What to measure after rollout
Track error rates, tail latency, and resource utilization for two weeks after changes land—most regressions appear under real traffic mixes, not in staging smoke tests. Keep a rollback path documented: feature flags, Helm revision, or Git revert with known good digest. Review on-call pages tied to the topic quarterly; delete alerts that never fire and add thresholds that would have caught your last incident.
Run a short blameless postmortem if production surprised you, even for minor issues. The goal is updating this runbook section with one concrete lesson per quarter so the next engineer inherits context, not just configuration snippets.
Documentation your team should maintain
Maintain a one-page runbook link from your main service README: prerequisites, owner rotation, last drill date, and known sharp edges. Link to vendor docs in the Resources section below but capture org-specific decisions (CIDR ranges, cluster names, approval gates) in internal docs that stay current.
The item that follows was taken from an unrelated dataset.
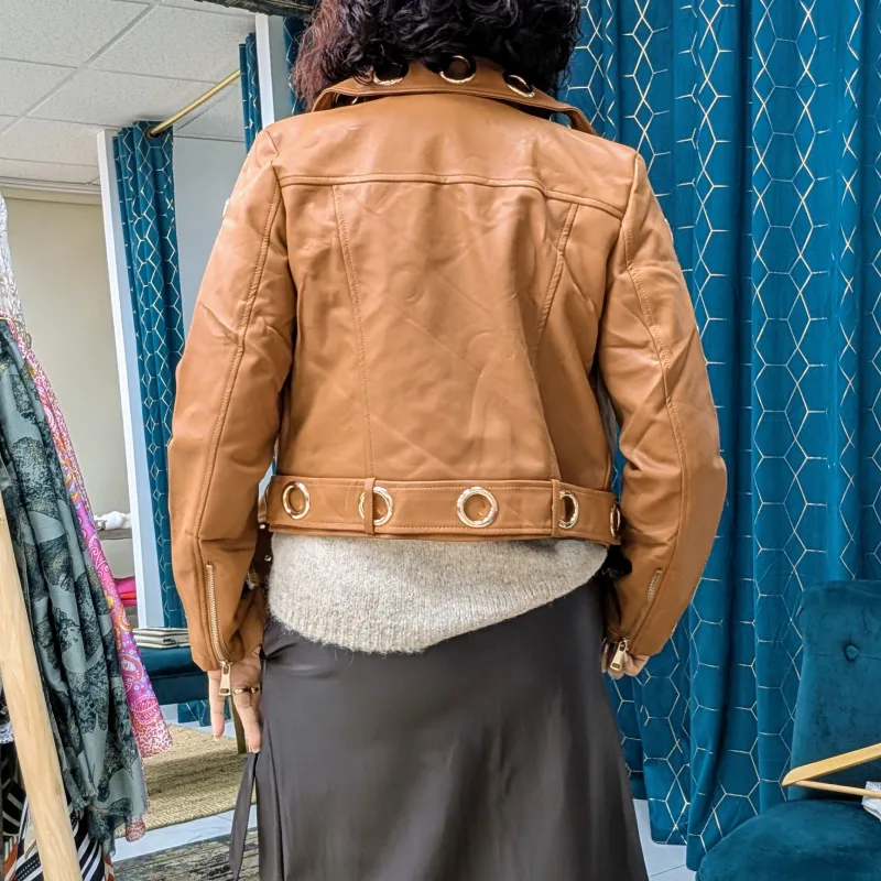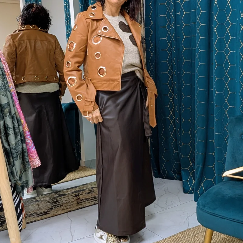 Le blouson court camel avec œillets dorés est extrêmement polyvalent. Il peut être associé à un jean pour un look décontracté ou porté par-dessus une robe pour une allure plus habillée. Sa couleur neutre le rend facile à assortir avec d’autres pièces de votre garde-robe, tout en ajoutant une touche de couleur chaude qui illumine votre tenue.

New hires should deploy a safe canary within a week using only that runbook—if they cannot, the doc is incomplete.
Pre-production checklist
Before promoting to production, walk through this list with someone who was not the primary author—fresh eyes catch assumptions.
- Staging parity: The staging environment exercises the same code paths as production, including failure modes you expect to handle (timeouts, retries, partial outages).
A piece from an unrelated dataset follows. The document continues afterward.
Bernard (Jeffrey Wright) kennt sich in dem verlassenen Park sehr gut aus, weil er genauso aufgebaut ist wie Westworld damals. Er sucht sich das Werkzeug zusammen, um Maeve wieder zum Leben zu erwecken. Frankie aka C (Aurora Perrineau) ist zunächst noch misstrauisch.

- Observability: Dashboards and alerts exist for the metrics and log patterns discussed above; on-call knows where to look first.
- Rollback: You can revert to the previous known-good state in one documented step without improvising.
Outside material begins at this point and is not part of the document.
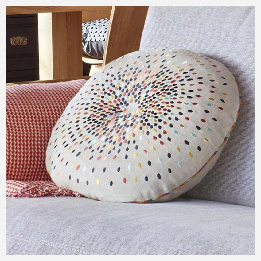Habitat Coussin Rond En Lin – 45 X 45 Cm – Motif

- Access control: Only the principals that need access have it; audit logs are enabled where the topic touches secrets or infrastructure APIs.
- Load test: You have evidence—not intuition—about behavior at expected peak plus headroom.
If any item is "we will do that later," treat it as a release blocker for tier-1 services.
Common questions from reviewers
Reviewers and auditors often ask whether this approach scales with team growth and whether it fails safely. Answer explicitly in your design doc: what happens when dependencies are down, when credentials expire, and when traffic doubles overnight. Prefer defaults that deny or degrade gracefully over defaults that fail open. Document known limits (throughput ceilings, supported versions, regions) in the same place operators look during incidents—avoid scattering critical constraints across Slack threads.
Resources
- Pod Security Standards — profile requirements
- Pod Security Admission — label configuration
- Migrate from PSP — official migration guide
- CIS Kubernetes Benchmark — broader hardening checklist
Frequently asked questions
What replaced PodSecurityPolicy in Kubernetes?
Pod Security Admission (PSA) built into Kubernetes 1.25+ enforces Pod Security Standards via namespace labels. PodSecurityPolicy was removed in 1.25. Migrate PSP rules to PSS profiles and namespace label configuration.
What is the difference between baseline and restricted PSS?
Baseline prevents known privilege escalations—hostPath, privileged containers, host namespaces. Restricted adds hardening: non-root users, dropped capabilities, read-only root filesystem, seccomp RuntimeDefault. Restricted breaks many legacy images without securityContext updates.
How do I audit before enforcing restricted mode?
Set pod-security.kubernetes.io/enforce=restricted to warn or audit mode first (enforce-version labels), or use warn/audit labels alongside enforce=privileged. Collect violation events from API audit logs and fix workloads before switching enforce label to restricted.